Question
I’m one of the lucky few with a defined-benefit pension plan. My company also has a flexible pension plan and matches the first 2% contributed. I’m wondering whether it makes sense to contribute to the flex pension plan or to my RRSP. At this point I think I want to retire before age 65, but that is more than 30 years away. Any advice?
Answer
I hope you like your job. Because if you like your job, and you have a defined-benefit pension, plus a flex plan with a 2% match, you’ve pretty much won the career lottery.
But your situation clearly isn’t just luck. You have also been managing your cash flow well enough that you have some money to contribute even more to your retirement savings. That takes discipline. So which way should you go? More to your RRSP or to your flexible pension plan?
I asked Matthew Ardrey to weigh in your question. He is a certified financial planner with fee-based financial firm T.E. Wealth. He says that unless there is a way to use your RRSP refunds to fund the flex pension contribution then he would favour the flex pension plan. He has a few reasons for this:
Flex the muscle of the company match
Ardrey’s first reason is pretty simple: you can’t beat free money. The company match of 2% might not seem like a lot, but it can really add up when compounded over time—a fact that a lot of people fail to appreciate.
Flex plan gives you flexibility
The second reason is flexibility. Contributing to your RRSP will increase the pot of money you’ll have to pay for groceries after you retire. But by contributing to the flexible pension plan instead, you’ll have other options available to you. “The purpose of the flex pension plan is to enhance one’s pension at a later date by using it to buy extra pension benefits or reduce penalties,” explains Ardrey. “Benefits could include indexing, a pension bridge, or increasing the survivor benefit. And penalties could include a reduction in benefits if you retired early.”
This last point is particularly relevant given that you have already identified an interest in retiring early. The flex plan contribution gives you more flexibility to do that than the RRSP.
RRSP contribution room retained
Another important point to know is that your defined-benefit pension reduces your RRSP contribution room, but the flex plan does not. “Flex plan contributions are typically considered to be voluntary and not tax deductible,” says Ardrey. “This means an employee can improve their pension without reducing their ability to save to a RRSP.”
If, down the line, you are able to afford both the flex plan contribution and an RRSP contribution, you will have some room to do that, making your nest egg even bigger. And as your income grows you’ll be pretty keen to defer as much income tax as you can inside an RRSP.
Ask some additional questions
The benefits of the 2% company match, flexibility and retention of RRSP contribution room are compelling. But Ardrey recommends you ask yourself these questions before you make your decision:
How long will you be at this company? If you intend to quit and go to work somewhere else in the near future, an RRSP is simpler.
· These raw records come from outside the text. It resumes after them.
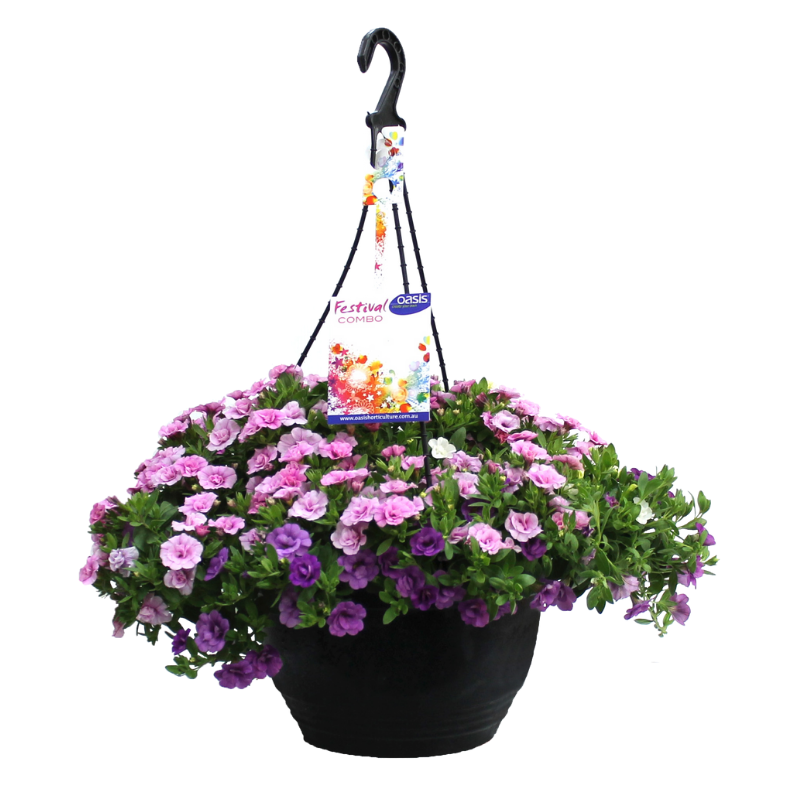 Festival 'Marshmallow Puff' is a vibrant collection of seasonal flowering perennial and annual plants making up a beautiful hanging basket. Full of colour and variety to brighten up your patio, balcony, pergola or other outdoor living spaces.
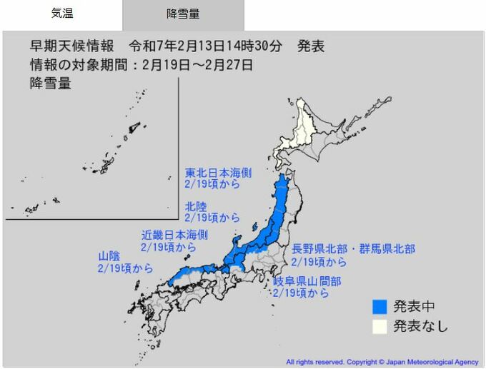 また、2月18日頃からは長野県北部・群馬県北部を中心に降雪量がかなり多くなる可能性があります。
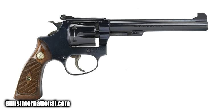 Description: " Smith & Wesson 35 .22 LR caliber revolver. Desirable target kit gun with 6" barrel. 1960’s production. Correct diamond grips and flat latch. Very good overall condition. SOLD |
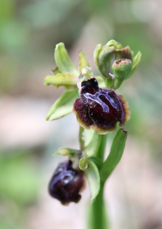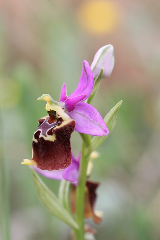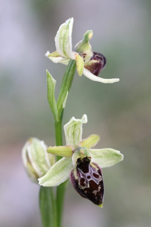 The orchards of the area harbour colonies of the spectacular Lady Orchid Orchis purpurea growing alongside Greater Honeywort Cerinthe major and Pink Garlic Allium trifoliatum. Amongst other orchid treasures we’ll be hoping to enjoy will be the Italian endemic Ophrys montis-gargani, sporting enormous protruberant horns.
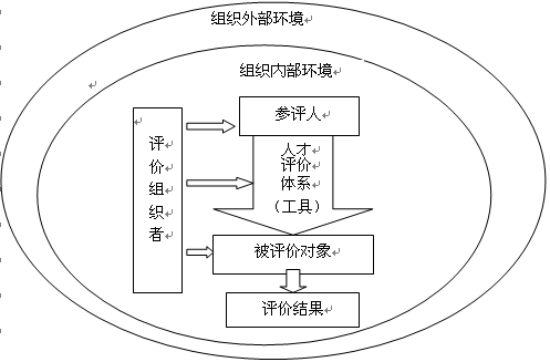 从系统论的角度来看,人才评价是在一定的内外部环境里,由评价的组织者主持,运用已设计好的人才评价体系,由参评者对被评价对象的德、知、能、绩做出科学结论的过程,其基本的思路可用图1的系统模型来显示。
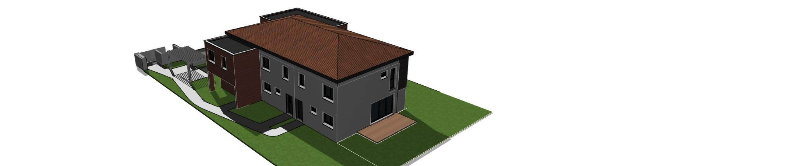 La projet est composé de 4 villas au sein d'un seul bâti, associe les lignes contemporaines d'un Architecte de renom et les moyens techniques performants de construction permettant d'atteindre la norme RT 2012.
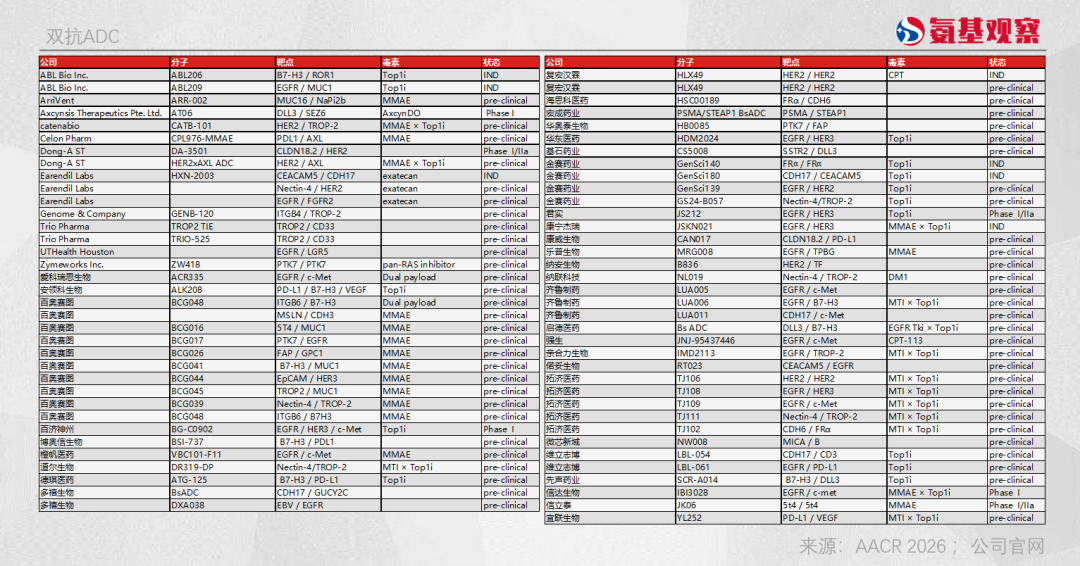 到了今年,无论是数量规模还是靶点、载荷组合的类型上都明显增加。从AACR 2026披露的摘要统计结果来看,双抗ADC与双载荷ADC相关研发已超过100项,其中既包括去年已披露管线的后续临床进展,也包括大量首次公开的早期资产。
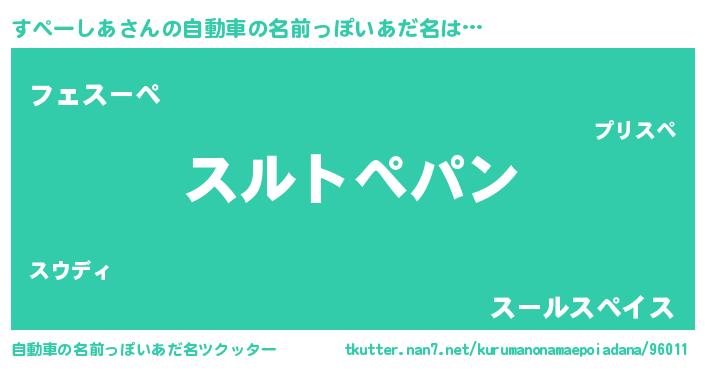 | 欧米人風あだ名 | 『ウサインすぺーしあ』 |
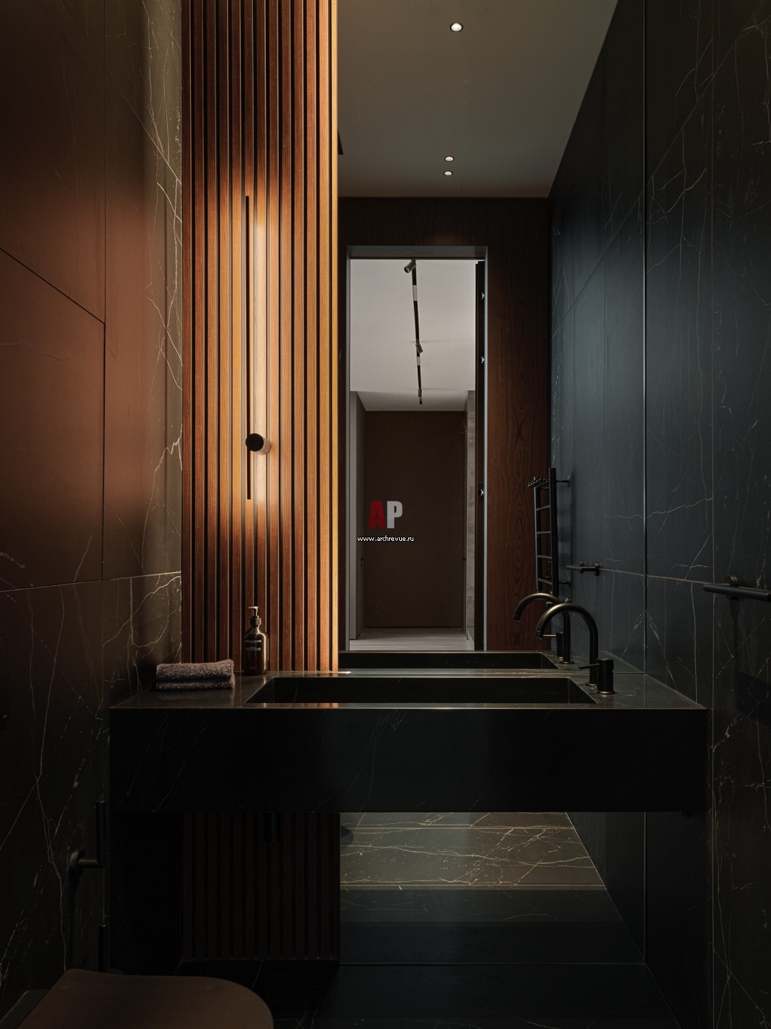 Гостевой санузел с брутальной атмосферой и темной палитрой.

Do the flex benefits meet your needs? Read the fine print and ensure that the flexible pension plan has the features that you will find the most useful, like reducing the penalty associated with retiring early.
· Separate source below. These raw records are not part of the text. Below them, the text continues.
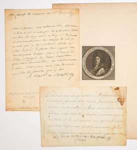 Louis François, Duc de BOUFFLERS, Maréchal de France en 1693 – 3 pièces (2 Lettres Signées et 1 gravure)
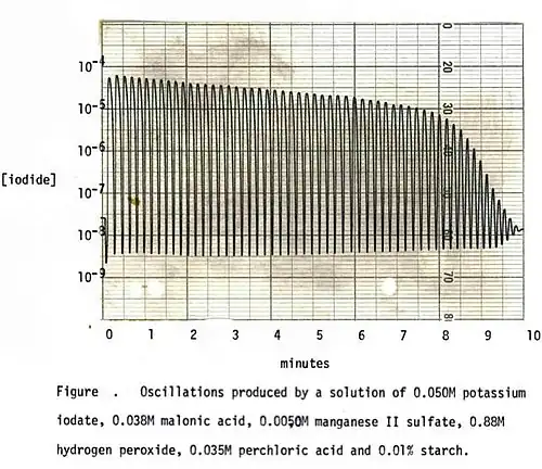 La réaction montre des changements récurrents périodiques, à la fois graduels et soudains, qui sont visibles : changements lents de l'intensité des couleurs, interrompues par de brusques changements de teinte. Cela démontre qu'une combinaison complexe de réactions lentes et rapides se déroule simultanément. Par exemple, le suivi de la concentration en ions iodure avec une électrode d’argent/iodure d'argent[6] (voir les vidéos) montre des sauts soudains de plusieurs ordres de grandeur séparés par des variations plus lentes. Ceci est représenté par l'oscillogramme ci-dessus. Les oscillations persistent sur une large gamme de températures. Des températures plus élevées accélèrent tout le processus, avec quelques changements qualitatifs observables (voir effet de la température). L’agitation de la solution pendant toute la réaction permet d’obtenir des changements de couleur nets, sinon des variations spatiales peuvent se développer (voir les vidéos). Des bulles d'oxygène libre évoluent tout au long de la réaction, et dans la plupart des cas, l'état final est riche en iode libre.
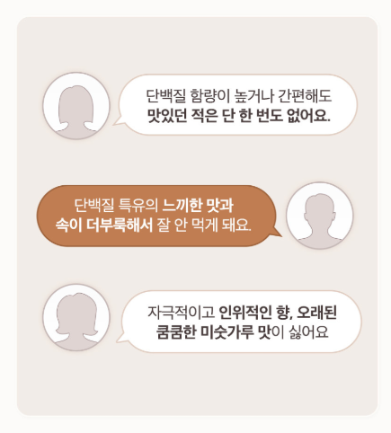 맛뿐만 아니라 엄선된 고품질 원료로 제작되었으며, 순수 식물성 단백질로 건강한 단백질을 제공합니다.
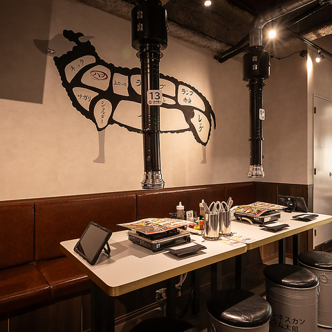 全卓に専用の排煙ダクト完備で、煙や匂いを気にせず快適。お仕事帰りのふらっと1杯と、旨いジンギスカンを当店でお楽しみください。テーブル席は少人数でのプライベート利用から、会社の大人数宴会まで様々なシーンでご利用いただけます♪
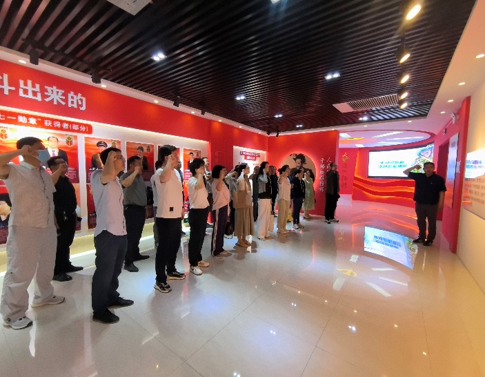 在贺兰县廉政警示教育基地,全体党员在讲解员的引导下,依次参观了教育基地“领航”“镜鉴”“笃行”主题展厅,领航厅通过多媒体影视、图文展板生动再现了党的纪律建设发展脉络,深入了解了党的十八大以来,尤其是中央八项规定实施以来全面从严治党党风廉政建设和反腐败斗争的显著成效。在镜鉴厅,近年来宁夏查处的一件件腐败案例和忏悔视频,让党员教师深刻认识到先前的青年英才、优秀干部、先进工作者由于漠视纪律,小节失守到最后沦为阶下囚的前车之鉴,让广大党员们接受了一堂触动灵魂的廉政警示教育课。笃行厅内,袁隆平、张桂梅、王占山、王兰花等“共和国勋章”和“七一勋章”获得者的先进事迹,进一步激发了党员教师廉洁从教,坚持为党育人、为国育才,争做“四有好老师”的动力。廉政警示教育基地参观学习结束后,全体党员在党旗下重温入党誓词。

What is the optimal contribution level? You’ll want to make sure that you don’t lose any contributions by putting in too much. Sometimes you can only contribute to the level of the benefits you’ll receive.
When do contributions vest and what can you do with them? The money you put into the flexible pension plan should vest. Once it does, check to see if you can transfer it out into a non-registered plan or to your RRSP. This isn’t a deal breaker, but will give you a better sense of how much flexibility you really have.
Bruce Sellery is the CEO of Credit Canada, the country’s longest-standing non-profit credit counselling agency. He is a former MoneySense columnist.